Resumiendo: Me lo quedo, anda muy bien.

Salud!

----------

## JotaCE

 *Inodoro_Pereyra wrote:*   

>  *JotaCE wrote:*   He estado mirando squirrelmail como webmail pero no estoy seguro si me servirá o no. quisiera comentarles que es lo que necesito de un webmail.
> 
> Usuario :
> 
> Interface amigable para el usuario comun.
> ...

 

Que barbaro Inodoro, excelente. con todo esto que tengo voy a montar mi servidor.

Voy a hacerlo con Gentoo por su puesto, ademas de correo tendra los servicios de firewall y proxy. Todo esto sobre un equipo HP Proliant ML.

Tal vez comience este lunes o martes a montar esta maquina.

----------

## Inodoro_Pereyra

Si te decantas por el uso de postfix para tu mail server, para la gestión de mailboxes y usuarios puede que te interese www-apps/postfixadmin que simplifica muchísimo el proceso de administración del servidor.

Salud!

----------

## opotonil

Llevo utilizando RoundCube una temporada y la verdad que me encanta.

 *Quote:*   

> 
> 
> Adjuntos de 2Mb de tope, no encuentro de donde cambiar esta configuración. 
> 
> 

 

No lo he mirado pero el tamaño de los adjuntos no sera cosa de configurarlo en PHP ¿? Creo recordar que en el php.ini habia una opcion para tamaño maximo de subidas que por defecto biene configurado a 2Mb.
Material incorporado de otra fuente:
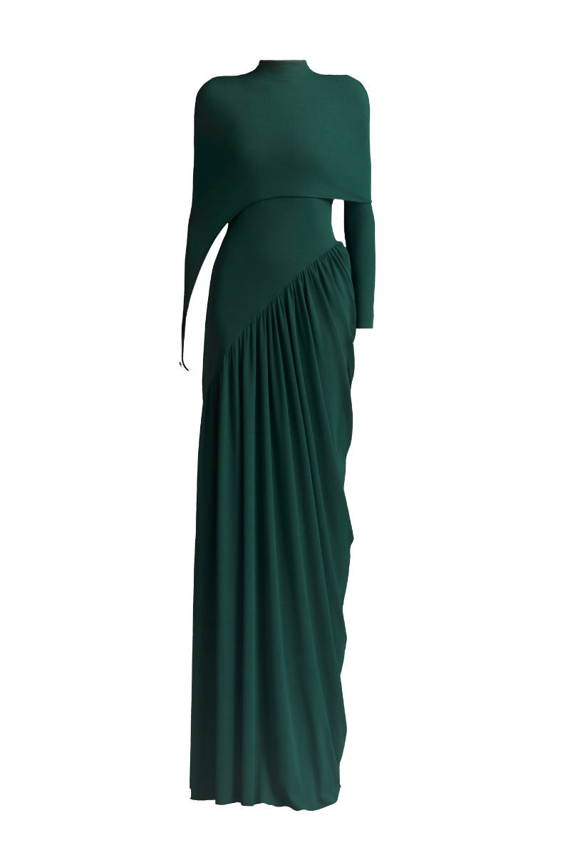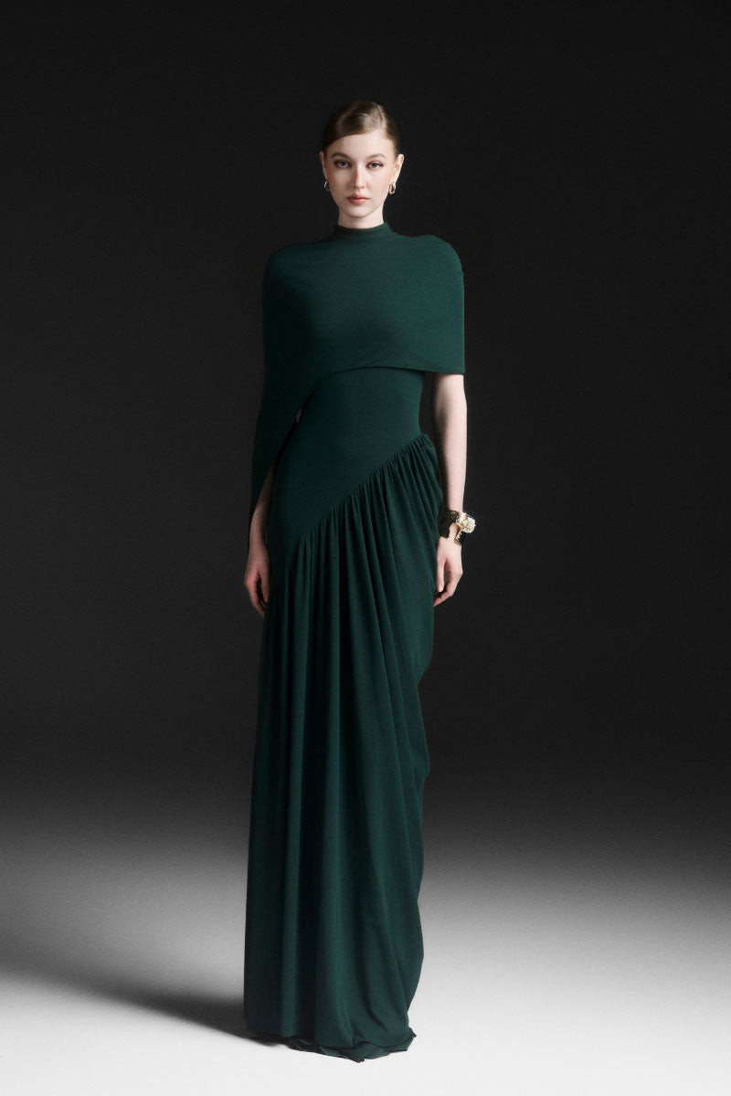 serelle ruched floor length dress in green

Podeis encontrar mas funcionalidades en la seccion de plugins de la Web, que por cierto parecen bastante sencillos de hacer yo estaba intentado hacer uno para integrar iJab pero a ver si primero lo consigo hacer tirar a el solo (se me conecta al ejabberd pero no autentifica ni na de na).

Salu2.

PD: Tambien lo tengo todo montado en un Proliant ML 150 G5 mediante maquinas virtuales KVM, ¿utilizas alguna de las herramientas de gestion de HP?.

----------

## i92guboj

El tamaño de adjunto es cosas de tu configuración de PHP, efectivamente. En lo que a frontends PHP se refiere, lo más importante es siempre estar a la última, tanto a nivel servidor web (apache o lo que uses), php como a nivel de interface (squirrelmail, roundcube, horde o lo que decidas usar). A mayor complejidad mayor es el riesgo potencial.

----------

## Inodoro_Pereyra

Sinceramente, con 2Mb para adjuntos me sobra creo. Igualmente voy a ver la configuración de PHP por si me hiciera falta mas capacidad el día de mañana... Gracias por la información.

Salud!

----------